How Market Conditions Can Affect Your Personal Finances

Financial market conditions can change from day to day and fluctuate heavily over time. The financial market crash during the first COVID lockdown saw the Sensex plunge to 25,638 on March 24, 20201  – and yet, just 6 months later, on September 24, the Sensex breached the 60,000 mark for the first time ever2!
Mar 2022
4 mins read

How do these varying market conditions affect your personal finances? Let’s have a look:

The direct effect on you:

If you have exposure to equity through direct stocks or equity mutual funds, the value of your portfolio will be directly linked to the current equity market situation in India. When the equity markets are in a bull market phase, the Net Asset Value (NAV) of most equity mutual funds is likely to go up. In this case, the value of your portfolio will also go up.

For instance, suppose the NAV of a mutual fund was Rs. 30 yesterday, and stands at Rs. 31.50 today. If you hold 1,000 units of this mutual fund scheme in your portfolio, the value of your portfolio could increase by Rs, 1,500. The opposite also holds true – if the NAV of the mutual fund goes down, so will the value of your portfolio.

If you are investing directly in shares, the value of your equity portfolio may rise or fall with the value of the share. If the value of a share goes up by Rs. 50 and you hold 1,000 such shares, the value of your portfolio goes up by Rs. 50,000.

Should you be worried?

The question is, if you are invested in equity, should you be worried about a bear market (i.e. a steady decline in stock prices)? Remember that a stock market crash and financial panic often go hand in hand. Ultimately, it’s all about your patience and how much time you have in hand.

Market conditions and long-term investments:

As an investor, it’s important to understand that you might not need to react to short-term market movements. For example, if you are invested in the stock market, you can avoid selling immediately if the market sees a drop, especially if you think the long-term prospects seem bright.

If you are invested in the equity markets through systematic investment plans (SIPs) of equity mutual funds, you can continue your SIPs even when there is a financial market crash. This is because SIP investments work on the concept of rupee cost averaging. When you invest in SIPs, you invest a fixed amount of money every month in a certain mutual fund scheme. If the stock market goes up and the NAV of the mutual fund scheme goes up, you will automatically buy fewer units of the mutual fund. On the other hand, if the market falls and the NAV of the mutual fund comes down, you will buy more units of the fund. Your cost of investment gets averaged out over a period of time and your investment has a longer period to grow. In other words, if you are investing in mutual fund SIPs for long-term goal financial planning, day-to-day market conditions might not be a major cause for concern.

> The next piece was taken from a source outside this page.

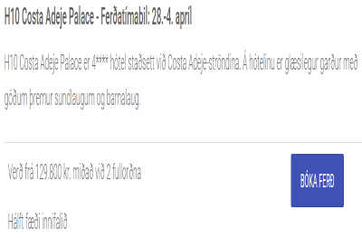Þeir kalla þetta sérstakt jólatilboð. Vika fyrir tvo með hálfu fæði á góðu fjögurra stjörnu hóteli á Costa Adeje frá 28. mars til 4. apríl næstkomandi. Þó ekki meira „jólatilboð“ en svo að við finnum sama pakka rúmlega 40 þúsund krónum ódýrari.

Market conditions and short-term goals:

When it comes to short-term goal financial planning, market conditions will affect you more. Say your goal is less than two years away. In this case, your investments may not have enough time to recover from a financial market crash today. Therefore, when you are nearing a financial goal, you should slowly shift all your investments to fixed-income instruments like fixed deposits and debt mutual fund schemes that are relatively stable. This could be a smart decision even if there is a bull market run. Similarly, when you are investing for a goal which is about two years away, like a vacation abroad, you may not need investments in equity mutual funds.

The link between markets and interest rates:

To an extent, there is a link between the stock market and interest rates too. The Reserve Bank of India (RBI) controls the money supply in the economy. In the normal course, RBI may want to keep interest rates low to boost growth. But, in some cases, growth in the economy is not matched by the production of goods and services, leading to inflation. In such a situation, RBI raises interest rates to control inflation. This may adversely affect market returns. This is because when interest rates are low, companies can borrow more easily. This can lead to growth and higher stock prices. On the other hand, higher interest rates make it difficult for companies to borrow money and expand. Higher interest rates also affect the profits of companies, since they have to pay greater interest on their borrowings. Moreover, when interest rates are high, retail investors tend to invest more in fixed-return instruments like fixed deposits. They may thus pull out of their stock market investments, weakening the market.

The impact of markets on bond yields:

There is often an inverse relation between the value of stocks and the value of bonds, especially over a longer period. During a bull market, equity provides good returns and hence low-risk bonds become less appealing. However, during times of uncertainty, investors might move their money from high-risk investments like stocks to low-risk investments like bonds. Due to this inverse relation, returns from stock and bond markets may help balance each other out, if you have both in your basket.

As an investor, it’s important to finetune your asset allocation in line with your risk profile, and to keep reviewing your investments at regular intervals. Consult a professional investment advisor for help with financial planning and to help you create a portfolio that can withstand various kinds of market conditions.